(INPUT FOR THIS TASK)
# # # # # # #
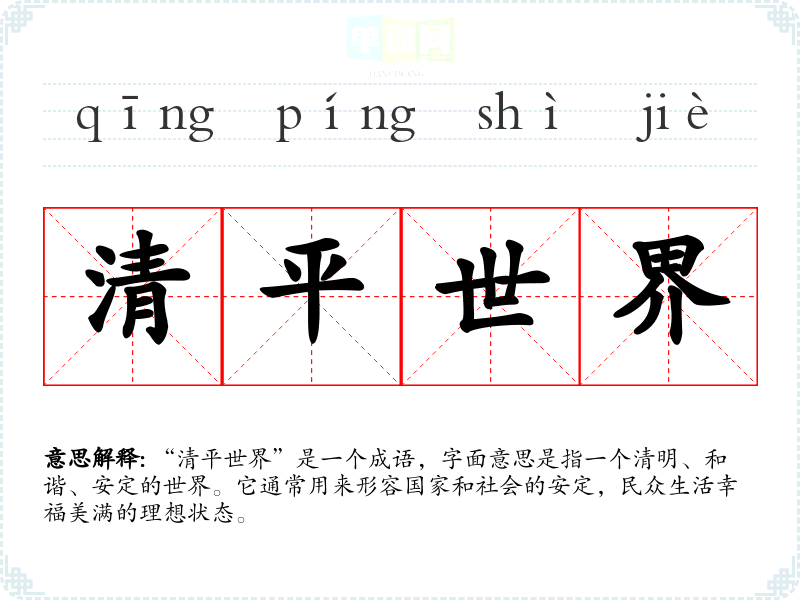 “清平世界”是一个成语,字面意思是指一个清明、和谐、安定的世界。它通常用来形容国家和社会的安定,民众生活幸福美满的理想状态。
# # # # # # #
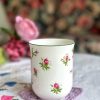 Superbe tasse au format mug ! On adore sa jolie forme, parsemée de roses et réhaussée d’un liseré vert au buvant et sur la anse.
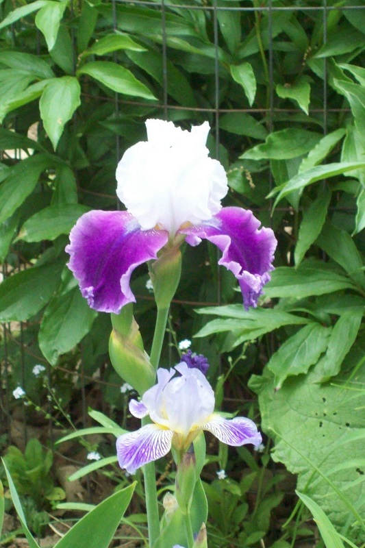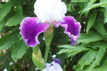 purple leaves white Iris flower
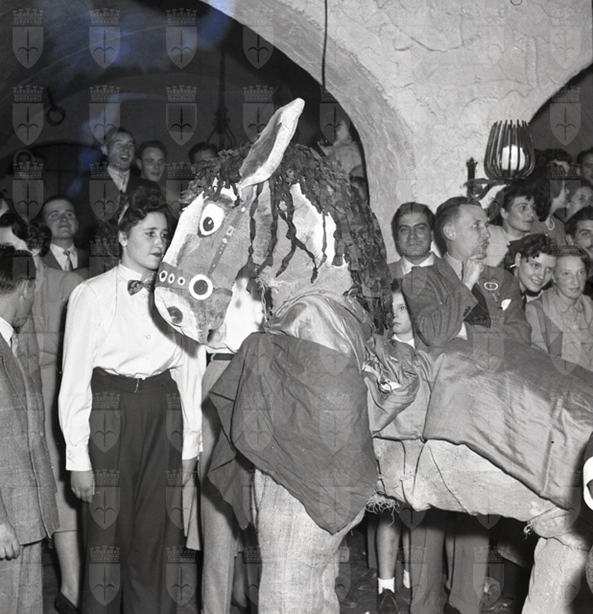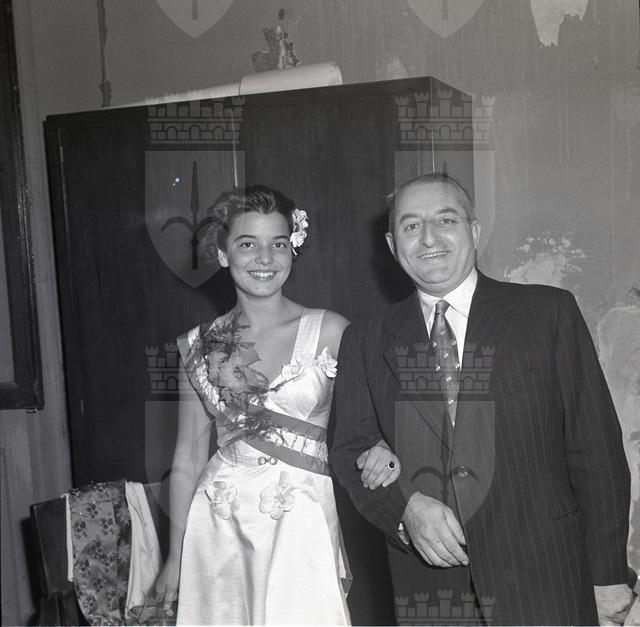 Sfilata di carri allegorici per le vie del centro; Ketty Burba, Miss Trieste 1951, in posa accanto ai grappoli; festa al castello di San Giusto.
# # # # # # #
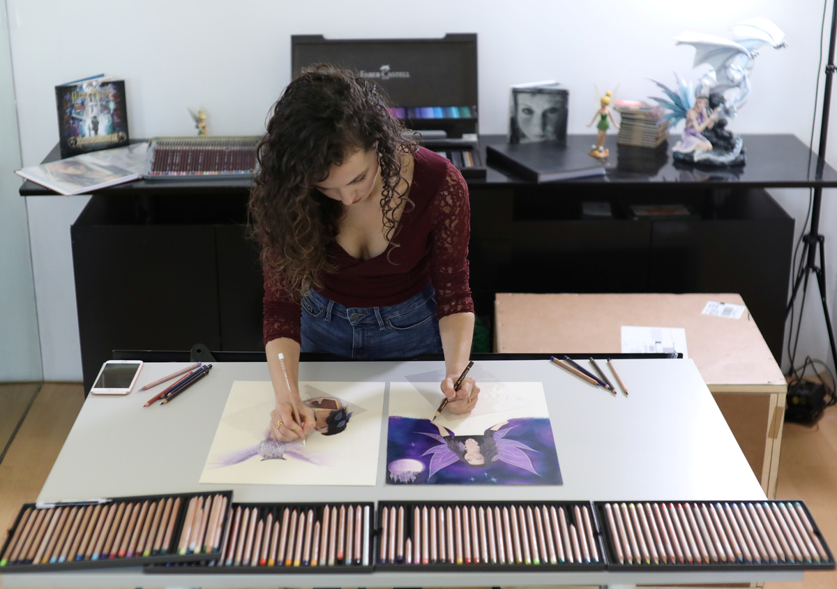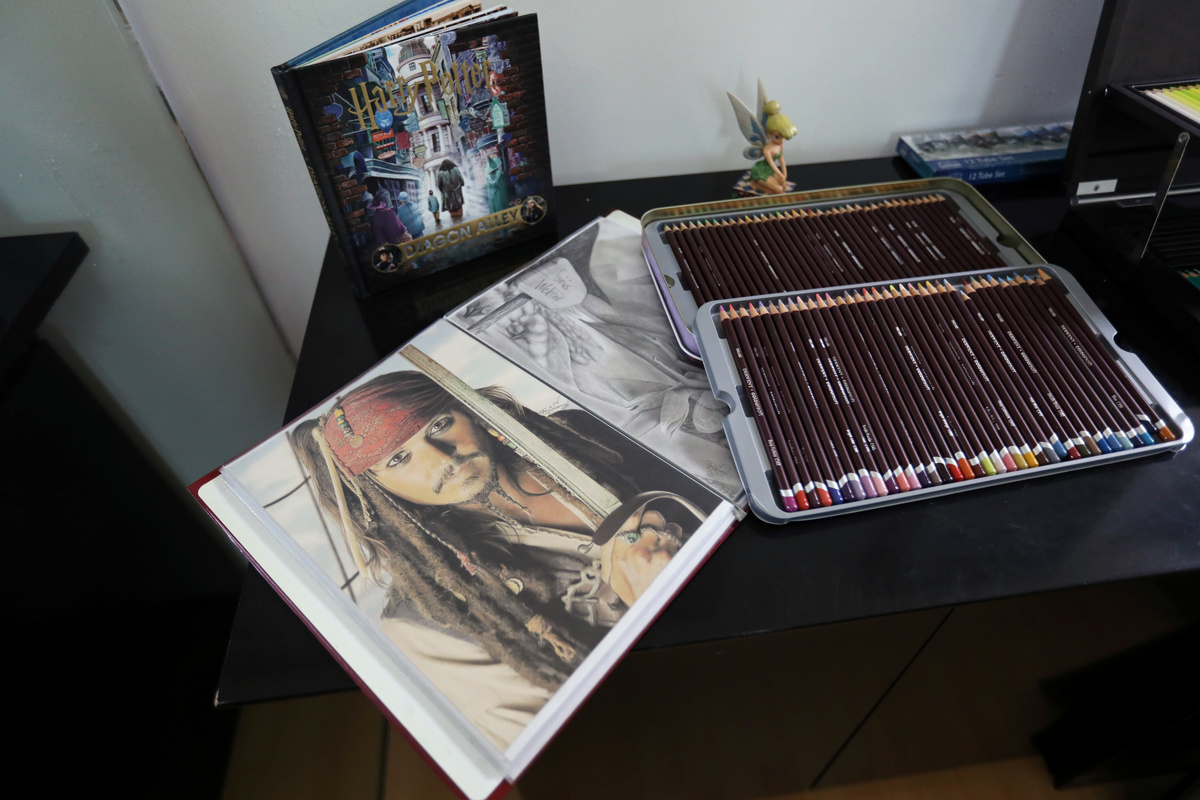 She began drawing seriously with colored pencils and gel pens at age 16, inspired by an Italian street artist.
# # # # # # #
(EXERCISE BRIEF)
Write back word for word every line in the entries above from the one with "Superbe tasse au" to the one with "Sfilata di carri", ends included, and none of the pictures.

(TASK ANSWER)
 Superbe tasse au format mug ! On adore sa jolie forme, parsemée de roses et réhaussée d’un liseré vert au buvant et sur la anse.
 purple leaves white Iris flower
 Sfilata di carri allegorici per le vie del centro; Ketty Burba, Miss Trieste 1951, in posa accanto ai grappoli; festa al castello di San Giusto.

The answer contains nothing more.